Dendrogram tree analysis and stacking classifiers combined offer a comprehensive method for classifying and analyzing malware. Their separate advantages imply that their combined use could result in notable progress in malware detection. The utilization of several methods by stacking classifiers yields a strong prediction model, whilst dendrogram tree research provides an in-depth comprehension of malware evolution and linkages. Combining these techniques could result in the creation of complex malware detection systems that are able to recognize malware with accuracy as well as anticipate and adjust to new variations. This would enable the forecast of threats and the creation of efficient countermeasures, which would be a major advancement in proactive cybersecurity.

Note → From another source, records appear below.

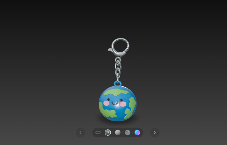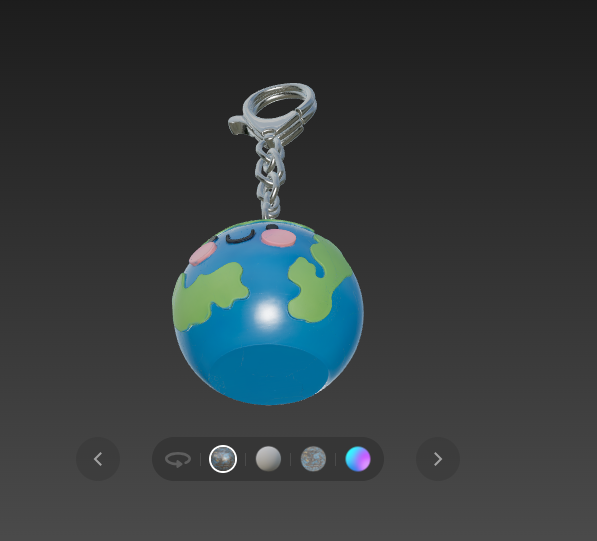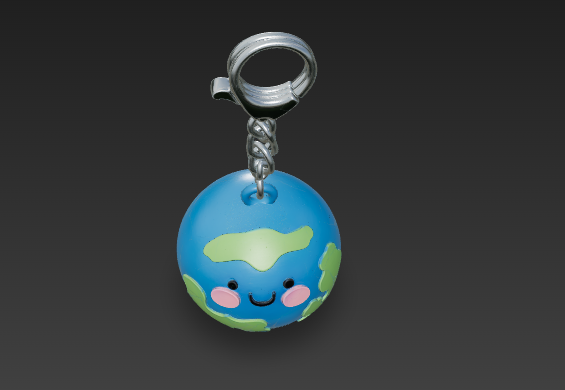 Брелок «Земля» Cute round 3D planet keychain, Earth design, smooth spherical shape, simple raised continents, friendly smiling face with small dot eyes and blush cheeks, integrated keychain loop on top, toy-like minimal 3D style, solid geometry suitable for 3D printing, no textures, clean surfaces, white background, studio lighting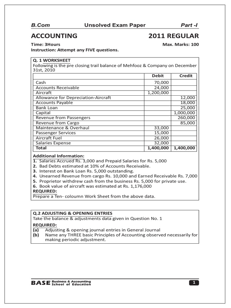 Q.3 (a) ACCOUNTS RECEIVABLE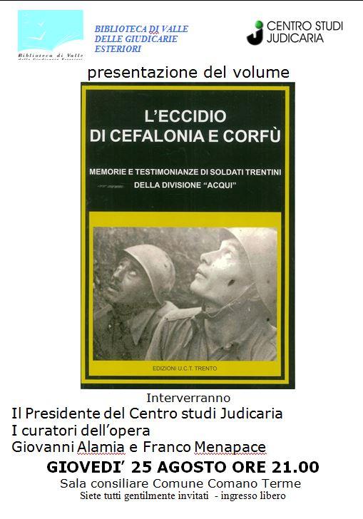 presentazione del volume L'Eccidio di Cefalonia: memorie e testimonianze di soldati Trentini della divisione “Acqui”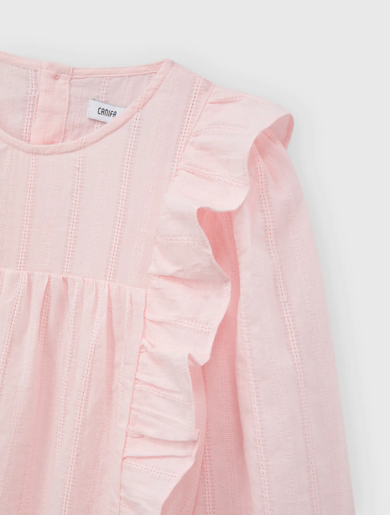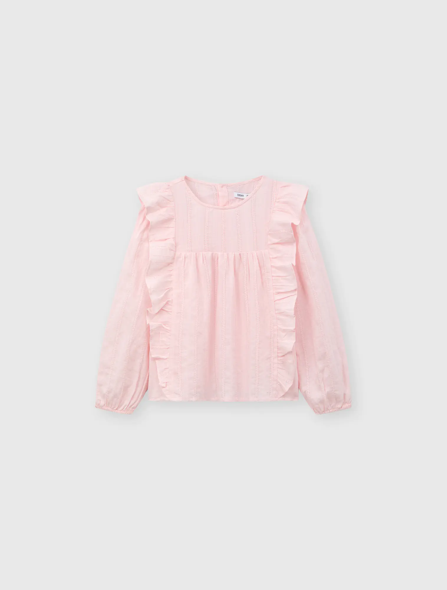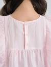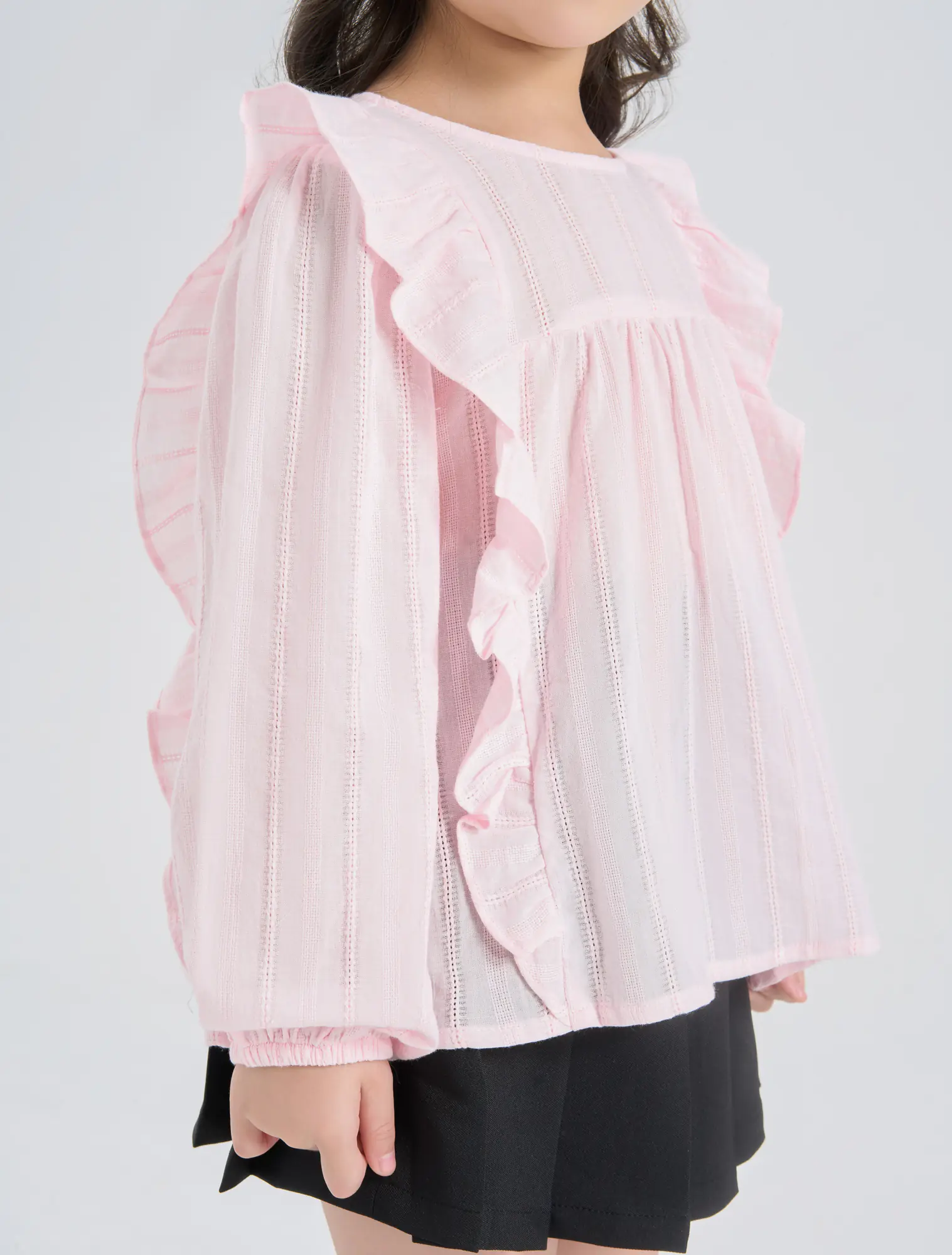 Áo kiểu bé gái phối bèo trước ngực tạo sự nữ tính, phù hợp phối với nhiều loại trang phục cho bé gái.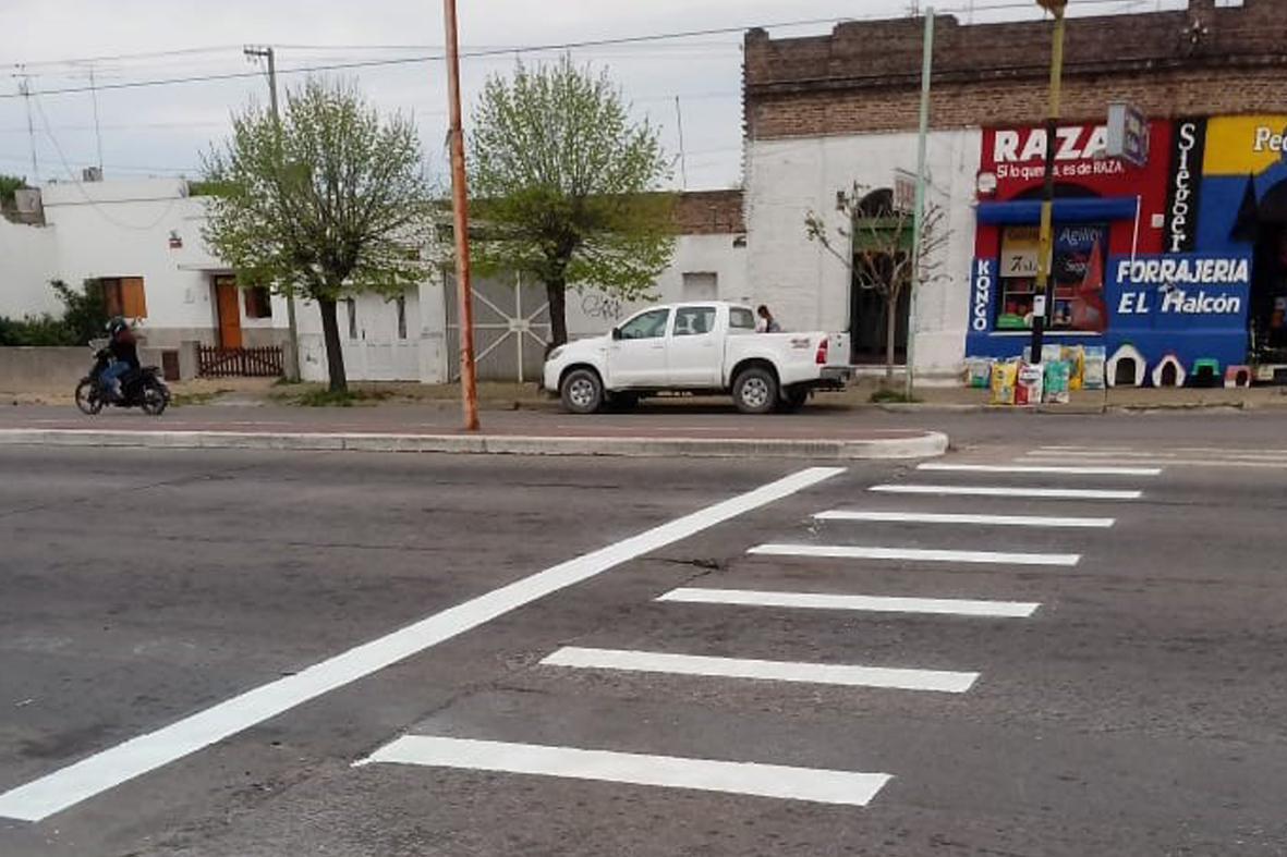 Se reforzó la pintura de sendas peatonales en Colón e Ituzaingó y en Chacabuco y Colón, como así también de conos de visibilidad en el microcentro y en inmediaciones del Club El Fortín.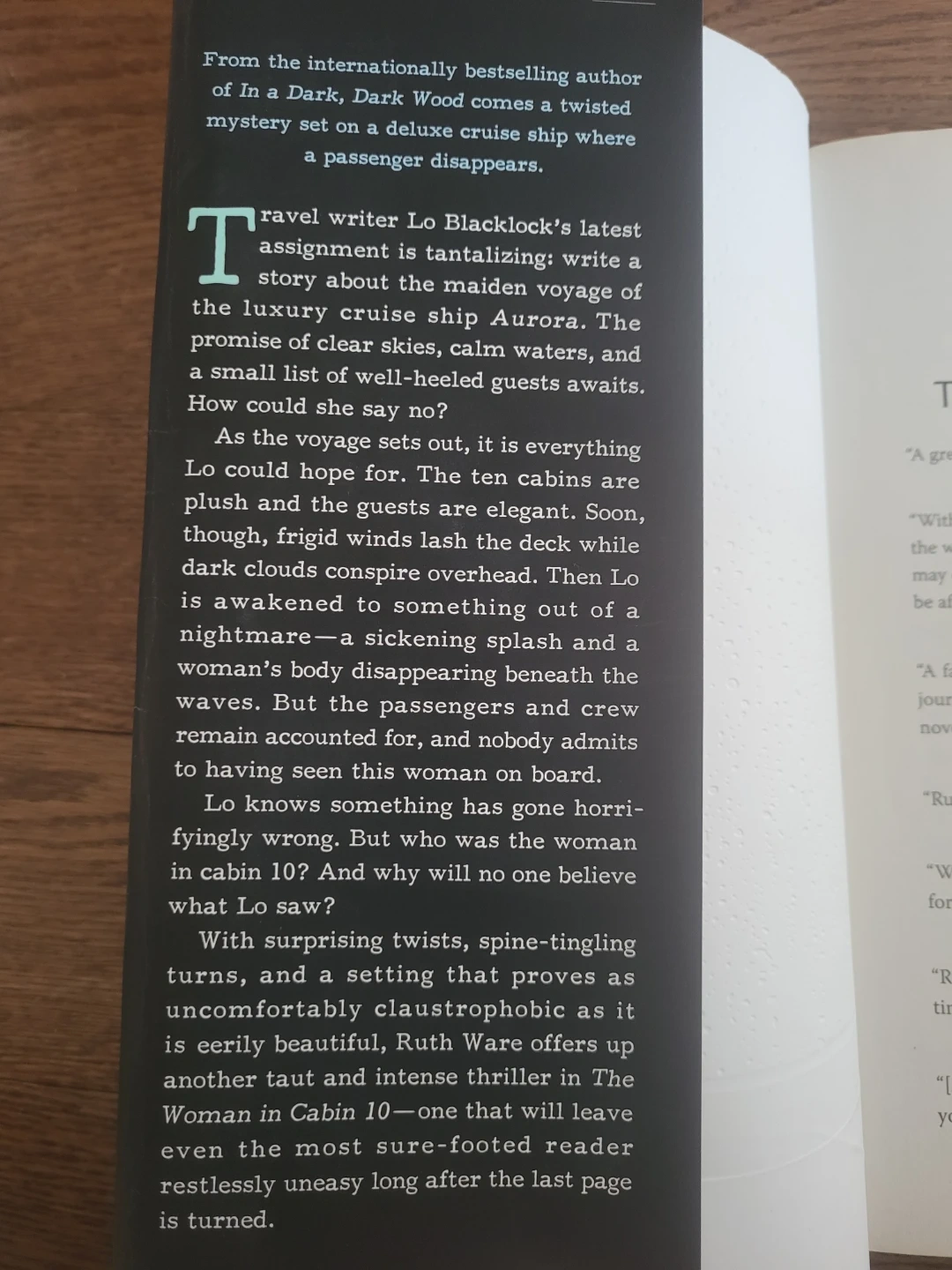 This is the paperback novel "The Woman in Cabin 10" by Ruth Ware. It's a mystery thriller novel about a journalist on a luxury cruise. Good condition!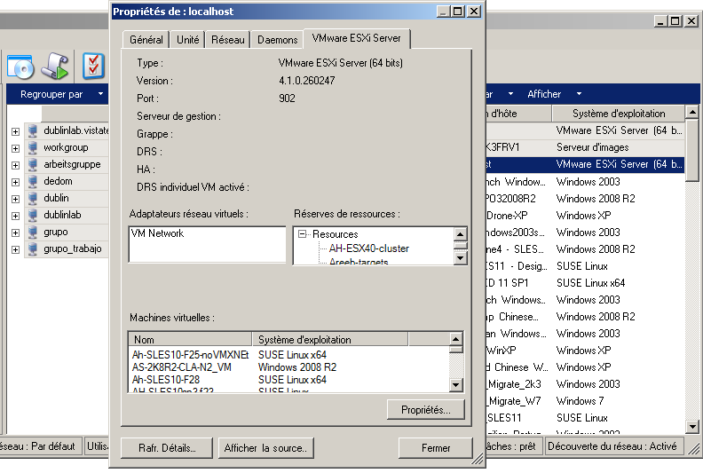 La figure suivante affiche les propriétés d'un serveur VMware ESX découvert.

In brief, dendrogram tree analysis and stacking classifiers are effective methods for classifying and analyzing malware. With this possible combination might completely transform the industry and offer effective methods for defending off the constantly changing danger landscape of cyberattacks. It is impossible to overestimate the significance of such sophisticated techniques in guaranteeing digital security, given the ongoing evolution of malware. In order to fully realize the promise of these approaches when working together to combat malware, future research should concentrate on examining how they complement one another.